# [WORK TO BE COMPLETED]
From the first line to the last, repeat the data exactly and drop the pictures.

Stored records

---

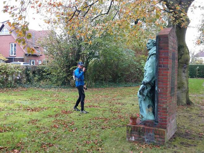 Bei der Lutherbuche Christ-König-Kirche 9.42 Uhr Aber dieser Ultramarathon war ein einmaliges Event zum 500. Reformationstag, da konnte ich auch nicht fehlen. Also hin und es versuchen. Für die 47 Kilometer gab es 8:30 Stunden als Limit. Im Notfall konnte ich das auch wandern. |
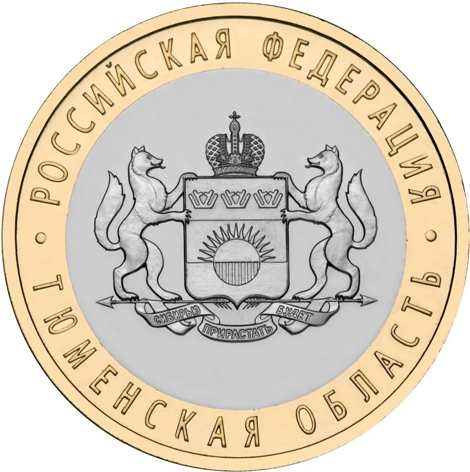 The disc features the Tyumen Region emblem, encircled by the inscriptions "РОССИЙСКАЯ ФЕДЕРАЦИЯ" above and "ТЮМЕНСКАЯ ОБЛАСТЬ" below.
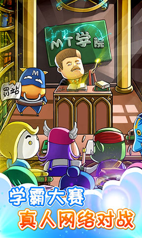 我叫MT魔法學(xué)院里擁有創(chuàng)新的戰(zhàn)斗模式,萌萌的角色終于脫離無腦自動出擊,用最擅長的知識擊潰敵人,彰顯學(xué)霸風(fēng)采。無限連擊、無限通關(guān),拋開書本開動腦筋。這里沒有枯燥的知識,只有你想不到的幽默。我叫MT動畫主角卡牌帶來酷炫技能,據(jù)說集齊全部還有神秘成就,難道是召喚神龍?學(xué)霸大賽,頭腦風(fēng)暴無極限,誰才是真正的圣斗士?不用難題戰(zhàn)斗的騷年不是好學(xué)霸。世界BOSS燃燒軍團(tuán)入侵,英雄不再無用武之地,馳騁沙場,征戰(zhàn)八方,成就全服首殺,銘刻豐碑永流傳。
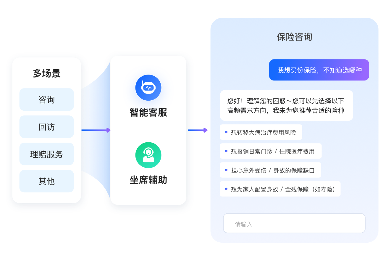 - 在保单服务与理赔阶段,通过智能客服与自动化回访能力,覆盖续期提醒、保单回访、保全办理与理赔咨询等场景;辅助客服高效处理复杂问题,提升响应速度与客户满意度
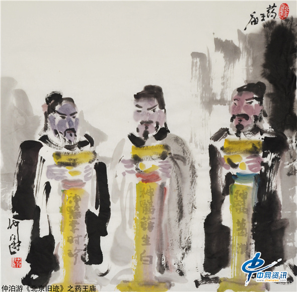 【中网资讯】仲泊游以水墨语言追忆北京旧迹,北京是一座有故事的都城,历史悠久、文化厚重。画家以点滴往事写意晚清民初的过往人物及老北京风景片段,去唤起人们对北京悠悠岁月的回味。
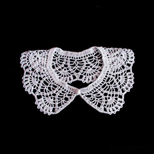 Uroczy koronkowy kołnierzyk wykonany na szydełku z kordonku w kolorze białym. Idealny do ozdobienia sweterka, sukienki. Zapinany na guziczek. Obwód 46cm. Prać ręcznie w temp. 30st.C, suszyć w stanie rozłożonym.
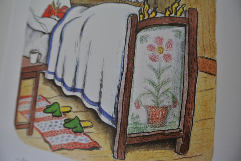 Иллюстрации... Работа художника очень понравилась! И напечатано превосходно! Старший пират сразу сказал, что рисунки похожи на часто просматриваемый Пилотовский мультик "Жихарка". Что-то есть, согласна. Но все равно каждая из работ уникальна. А когда читаю эту сказку, в голове всегда голоса из мультика:))
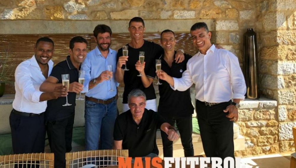 En la imagen se observa a Cristiano brindando junto al presidente de la Juventus y Jorge Mendes tras hacerse oficial su marcha al fútbol italiano.
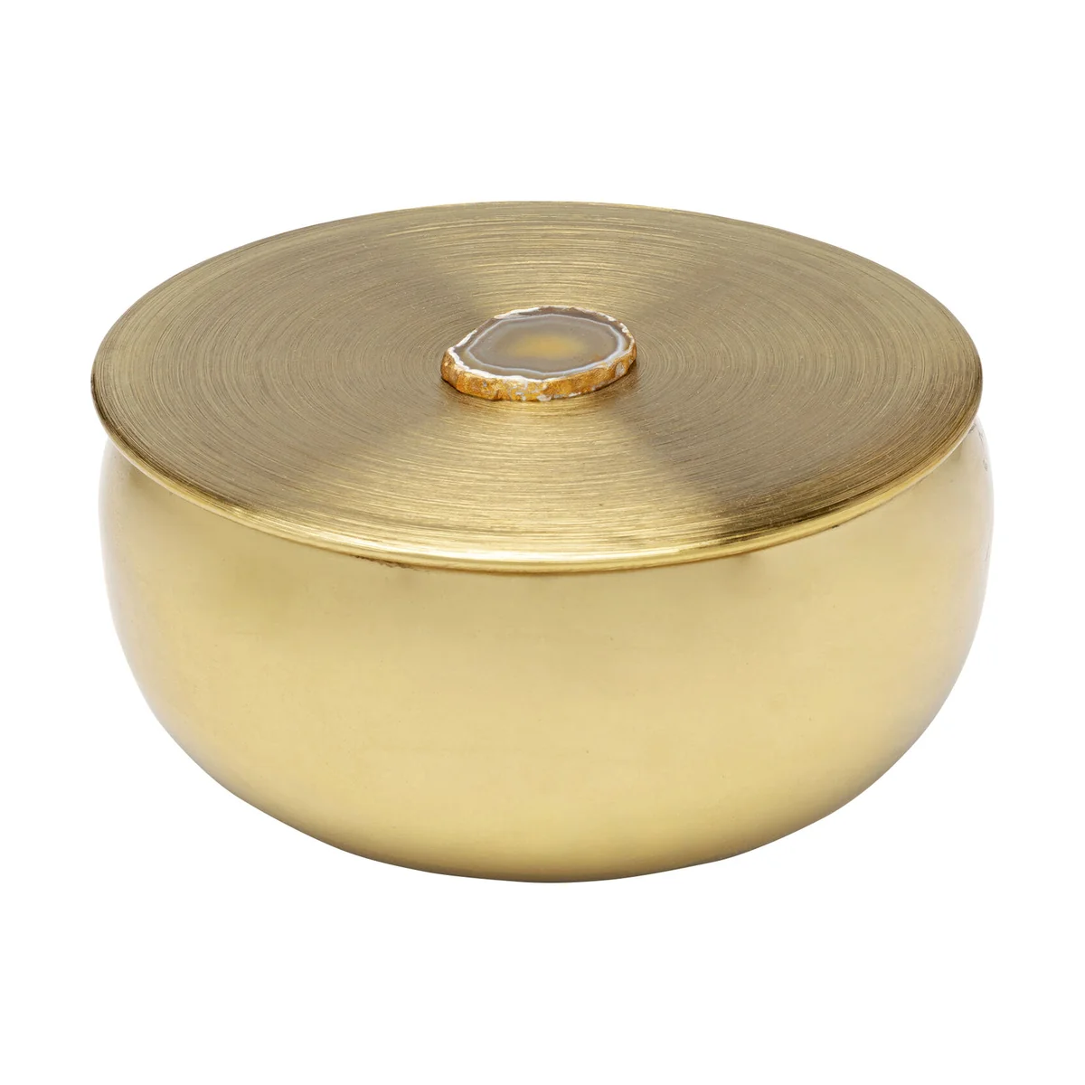 The Shine Deco Box features a rich blue glass body and an elongated shape. It is crafted from enameled steel and comes with a brass-plated top. An agate stone detail adds an extra layer of elegance. With dimensions of L 16 cm, W 16 cm, and H 8 cm, this box is a perfect fit for dining tables, sideboards, or open shelving.

---

# [REPLY TO THE TASK]
 Bei der Lutherbuche Christ-König-Kirche 9.42 Uhr Aber dieser Ultramarathon war ein einmaliges Event zum 500. Reformationstag, da konnte ich auch nicht fehlen. Also hin und es versuchen. Für die 47 Kilometer gab es 8:30 Stunden als Limit. Im Notfall konnte ich das auch wandern. |
 The disc features the Tyumen Region emblem, encircled by the inscriptions "РОССИЙСКАЯ ФЕДЕРАЦИЯ" above and "ТЮМЕНСКАЯ ОБЛАСТЬ" below.
 我叫MT魔法學(xué)院里擁有創(chuàng)新的戰(zhàn)斗模式,萌萌的角色終于脫離無腦自動出擊,用最擅長的知識擊潰敵人,彰顯學(xué)霸風(fēng)采。無限連擊、無限通關(guān),拋開書本開動腦筋。這里沒有枯燥的知識,只有你想不到的幽默。我叫MT動畫主角卡牌帶來酷炫技能,據(jù)說集齊全部還有神秘成就,難道是召喚神龍?學(xué)霸大賽,頭腦風(fēng)暴無極限,誰才是真正的圣斗士?不用難題戰(zhàn)斗的騷年不是好學(xué)霸。世界BOSS燃燒軍團(tuán)入侵,英雄不再無用武之地,馳騁沙場,征戰(zhàn)八方,成就全服首殺,銘刻豐碑永流傳。
 - 在保单服务与理赔阶段,通过智能客服与自动化回访能力,覆盖续期提醒、保单回访、保全办理与理赔咨询等场景;辅助客服高效处理复杂问题,提升响应速度与客户满意度
 【中网资讯】仲泊游以水墨语言追忆北京旧迹,北京是一座有故事的都城,历史悠久、文化厚重。画家以点滴往事写意晚清民初的过往人物及老北京风景片段,去唤起人们对北京悠悠岁月的回味。
 Uroczy koronkowy kołnierzyk wykonany na szydełku z kordonku w kolorze białym. Idealny do ozdobienia sweterka, sukienki. Zapinany na guziczek. Obwód 46cm. Prać ręcznie w temp. 30st.C, suszyć w stanie rozłożonym.
 Иллюстрации... Работа художника очень понравилась! И напечатано превосходно! Старший пират сразу сказал, что рисунки похожи на часто просматриваемый Пилотовский мультик "Жихарка". Что-то есть, согласна. Но все равно каждая из работ уникальна. А когда читаю эту сказку, в голове всегда голоса из мультика:))
 En la imagen se observa a Cristiano brindando junto al presidente de la Juventus y Jorge Mendes tras hacerse oficial su marcha al fútbol italiano.
 The Shine Deco Box features a rich blue glass body and an elongated shape. It is crafted from enameled steel and comes with a brass-plated top. An agate stone detail adds an extra layer of elegance. With dimensions of L 16 cm, W 16 cm, and H 8 cm, this box is a perfect fit for dining tables, sideboards, or open shelving.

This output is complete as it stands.